Building the Bloods in the AFLW

Sydney Swans leader Maddy Collier believes the new AFLW side can build its own 'Bloods' culture. (Joel Carrett/AAP PHOTOS) (AAP)

Sydney Swans leader Maddy Collier believes the strong core of leaders recruited by the club for its first AFLW season will help lay the foundation of the group's own "Bloods" culture.

Alongside Alana Woodward, Bec Privitelli, Brooke Lochland, Lauren Szigeti, and Lisa Steane, Collier was elected into the Swans' inaugural leadership group by her teammates earlier this month.

The club has yet to name a captain ahead of their season-opening game at home to St Kilda this Saturday.

Alongside coach Scott Gowans, they will now face the challenge of guiding an expansion side seeking to lay its foundations in a non-traditional AFL state already featuring an established AFLW entity in Greater Western Sydney.

Nonetheless, 26-year-old Collier, who has been rehabbing an ankle injury in preseason, believes the "Bloods" culture carried on from the club's years as South Melbourne will help establish standards in a playing group dotted with several versatile players and highlighted by No.1 draft pick Montana Ham.
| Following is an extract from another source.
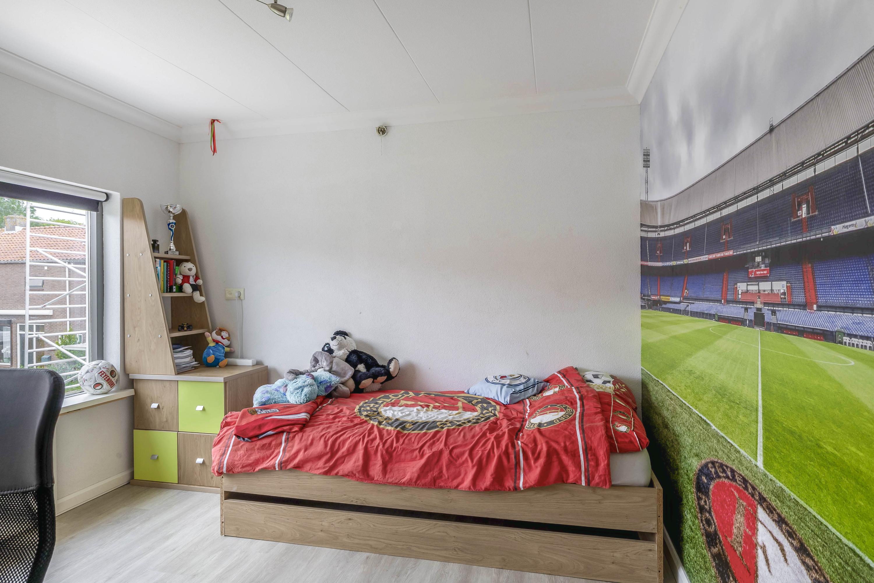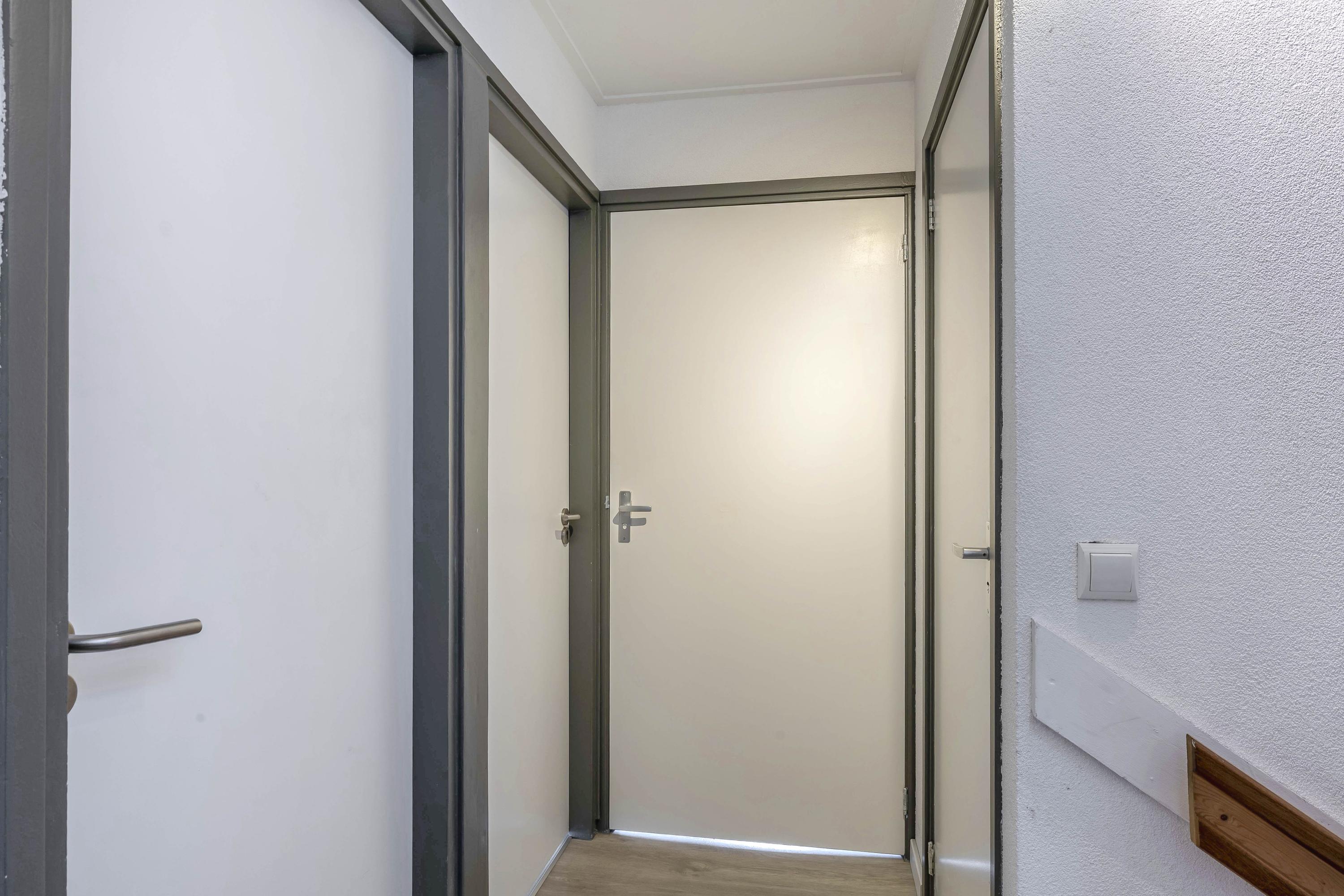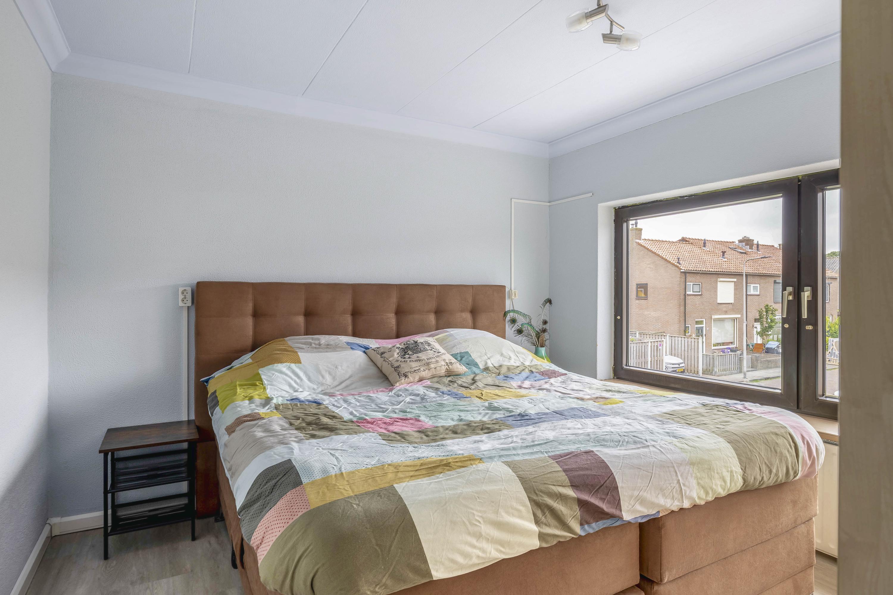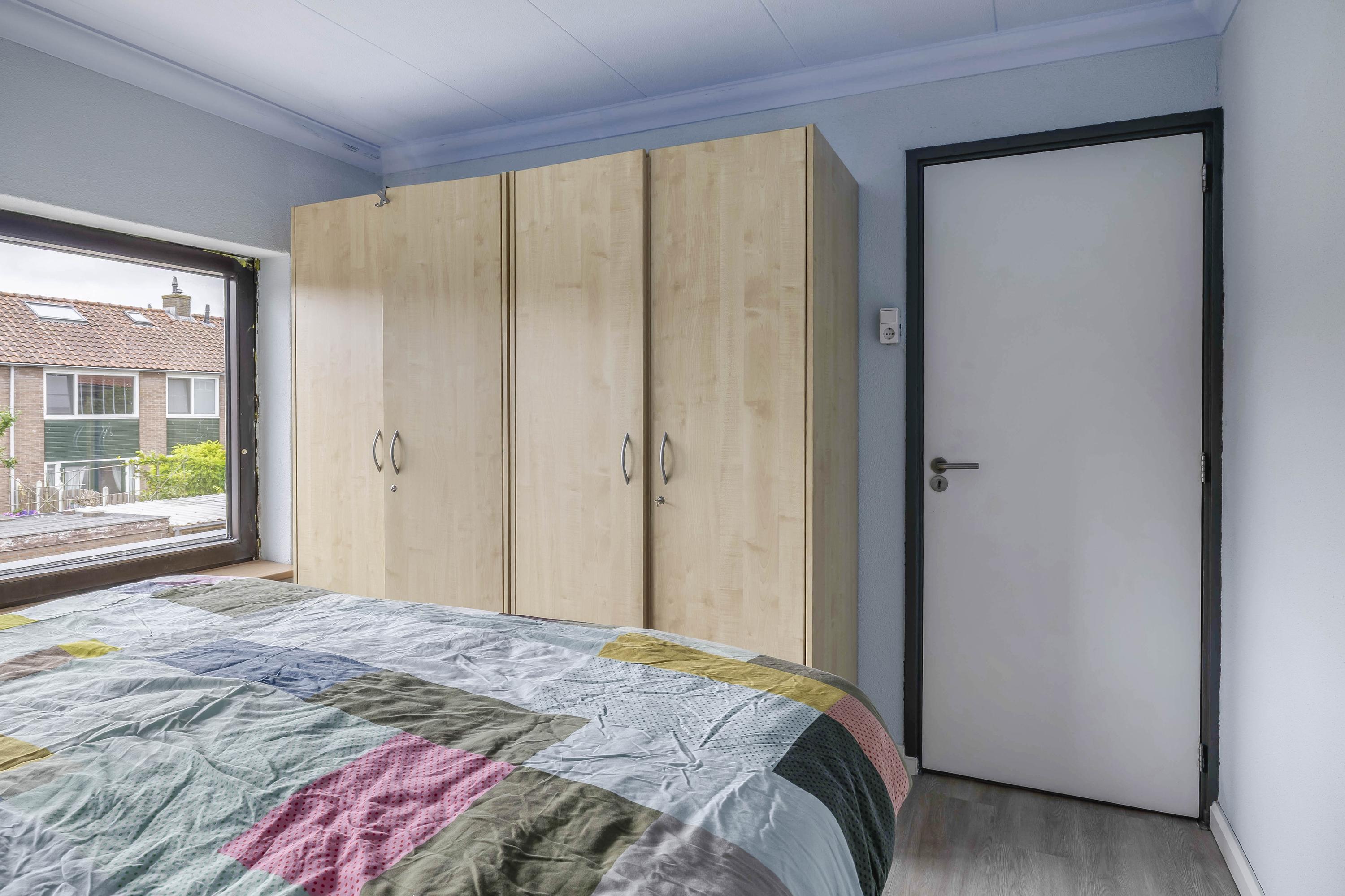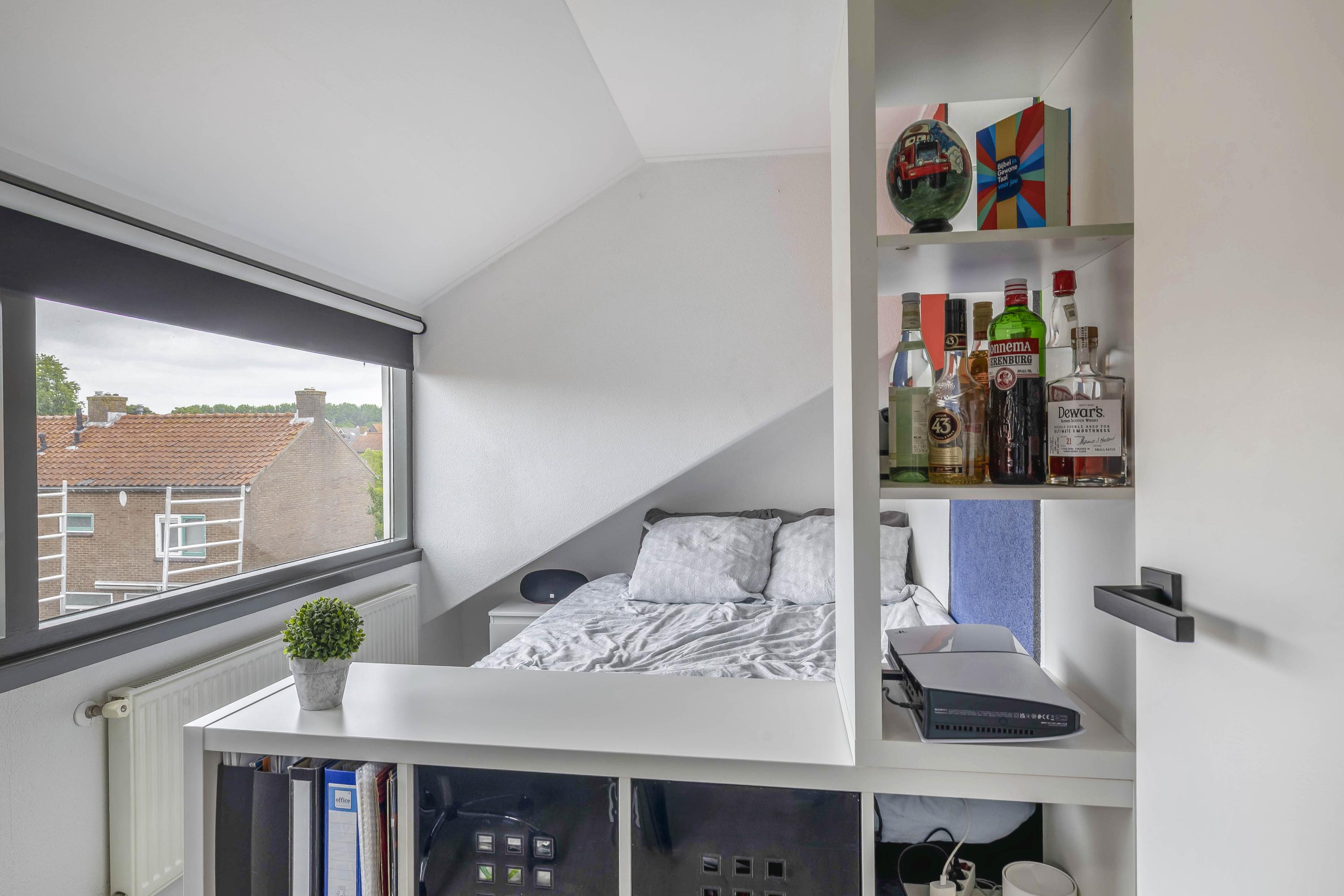 Door de dubbelzijdige nokverhoging is hier veel extra ruimte ontstaan. Op de voorzolder een luik naar de bergvliering en de opstelling van de cv-combiketel (AWB 2009). Verder vind je hier twee slaapkamers, beide met een PVC vloer. De slaapkamer aan de achterzijde is voorzien van screens.

"I think the biggest thing for us is the leaders that we have at the club are making sure that we show them the ropes and set high standards from the get-go," she told AAP Sport.

"I think the club has been really good in that space as well; inducting us in and really making it a one-club feeling. That's been really awesome for us.

"The biggest thing will be driving high standards and really buying into the culture that the club represents so well."

Raised in Nowra on the NSW South Coast, Collier was a foundation player for Greater Western Sydney's AFLW program and played 15 games in orange before moving to Perth and logging 19 matches at West Coast.

Now returning to her home state in red and white, she welcomed the growth of opportunities for female AFL players in Australia's most populous state.

"I think it's awesome. When I was growing up there wasn't much AFL around, I would have loved to have done Auskick when I was little," said Collier.

"Now to see that there's a pathway to go from Auskick all the way through to the AFLW is awesome to see. It's really good for women in sport in general. It's fantastic to have both clubs on board in the AFLW competition."